From Campus to Kibbutz: Vivian Silver’s legacy as a Jewish student leader

Vivian Silver, a young woman, wearing a grey shirt and jean shorts, sitting at a desk with shelves of papers and looking sideways into the camera.

For over a month, 74-year-old Vivian Silver was presumed to have been among those held hostage in Gaza. 

Last week, it was discovered that Vivian was killed in the Hamas attack on October 7th, at Kibbutz Beeri. 

A lifelong peace activist, Vivian began her activism as a founding leader of the Jewish Student Press Service – the organization now known as New Voices Magazine.

In revisiting the origins of her work as a key leader in the Jewish student movement of the 1970s, we honor her legacy – both in Israel-Palestine, and across US college campuses.


“I always knew I had a mom who was kick-ass,” Chen Zeigen said of his mother, renowned peace activist Vivian Silver. “She never shied away from confrontation. She was almost fearless in that regard.” 

She has been described as not only fearless, but warm, passionate, driven, kind, and intelligent. And yet, these words barely begin to encapsulate Vivian, whose life has become a beacon of hope for so many during the past month. Her ability to hold complexity while remaining strong in her vision for peace has inspired those in the Jewish community and beyond. 

Born in Winnipeg, Canada, Vivian moved to Israel in her twenties and was one of the founders of Kibbutz Gezer, alongside other members of a garin (seed/group) from the Habonim Dror movement. Since then, Vivian spent her life dedicated to fostering peace between Israelis and Palestinians. She was the co-executive director of the Arab-Jewish Center for Equality, Empowerment, and Cooperation, which consists of a team of Arabs and Jews who “work together to create a shared society.” In 2014, Vivian co-founded Women Wage Peace – an organization that centers women in promoting “a non-violent, respectful, and mutually accepted solution to the Israeli-Palestinian conflict.” As a volunteer for Road to Recovery, she would regularly drive to Gaza and bring Palestinians who needed medical care to Israeli hospitals. Vivian also founded a group called Creating Peace that forms business collaborations between Palestinian, Arab-Israeli, and Jewish-Israeli artisans. 

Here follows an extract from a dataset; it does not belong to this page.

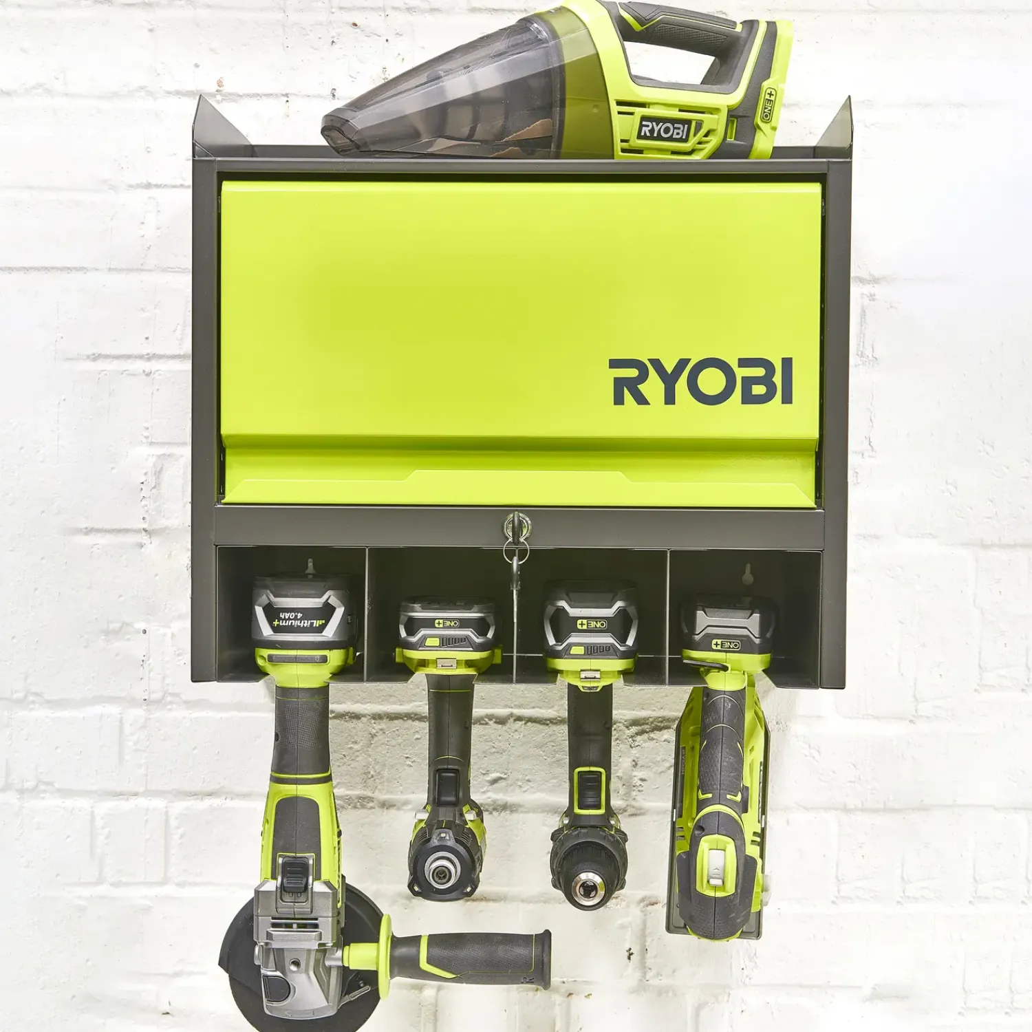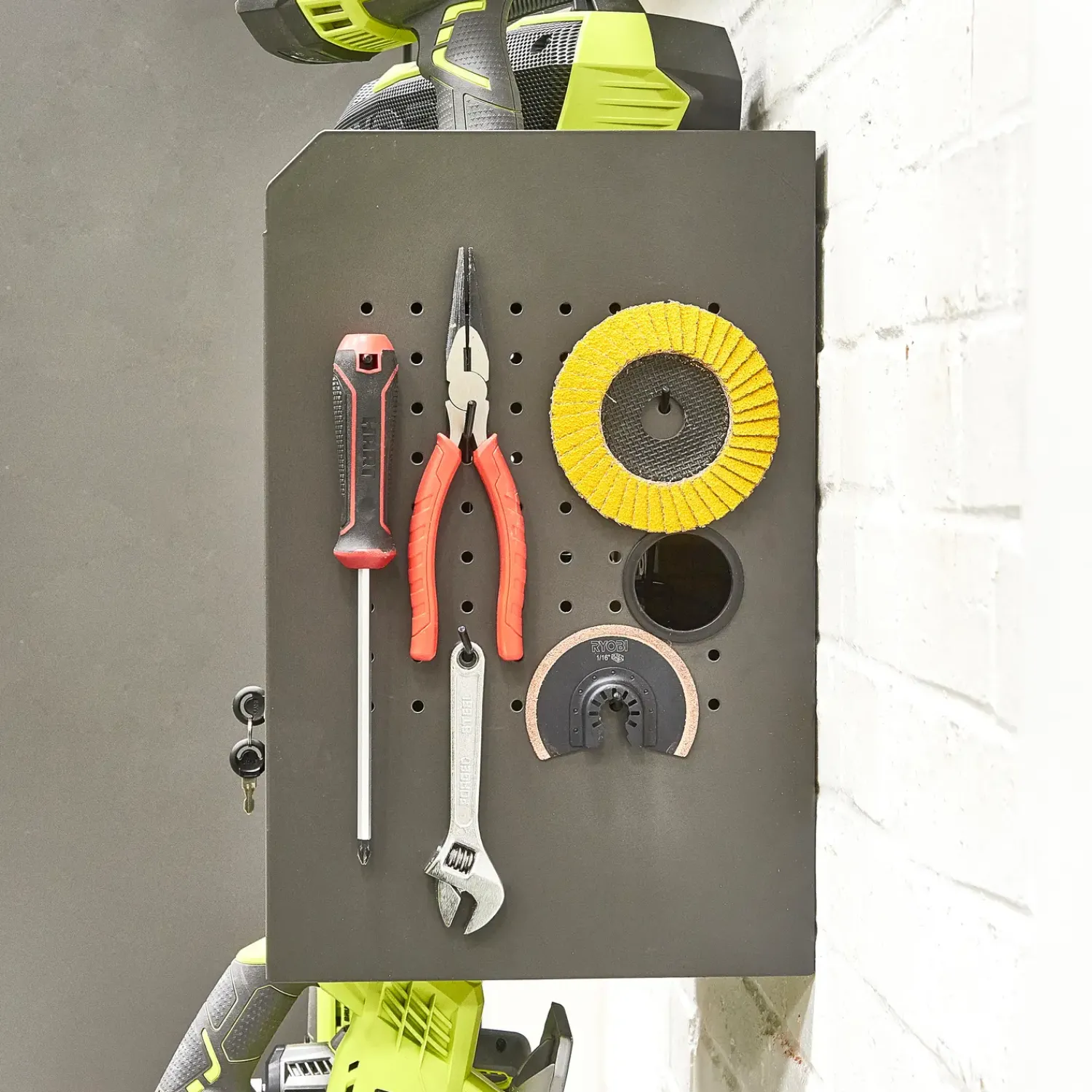 Super praktisk værktøjsskab til montering på væggen.

But before Vivian embarked on the journey to start a kibbutz and work toward peace, she was a student leader and activist, gathering and nurturing the seeds of Jewish student voices from across the country. Conversations with her friends and collaborators have the same consensus: her time as a student organizer laid the groundwork for a lifetime of devoted activism. 

“We build Jews, not buildings!” 

Vivian at Kibbutz Gezer, 1974-5.

In May of 1969, Jewish student activists came together at the World Union of Jewish Students (WUJS) to discuss the state of Judaism among American youth and address issues that mattered to them. “From this conference arose the North American Jewish Students Network, a communications, information and resource arm of the WUJS,” wrote Sarah Wolf for New Voices. Following this watershed moment, the Jewish Student Press Service (JSPS) was founded in 1970 as a wire service, which connected and provided content for independent Jewish magazines and newspapers on college campuses across the country. Today, New Voices is the official magazine of the JSPS. 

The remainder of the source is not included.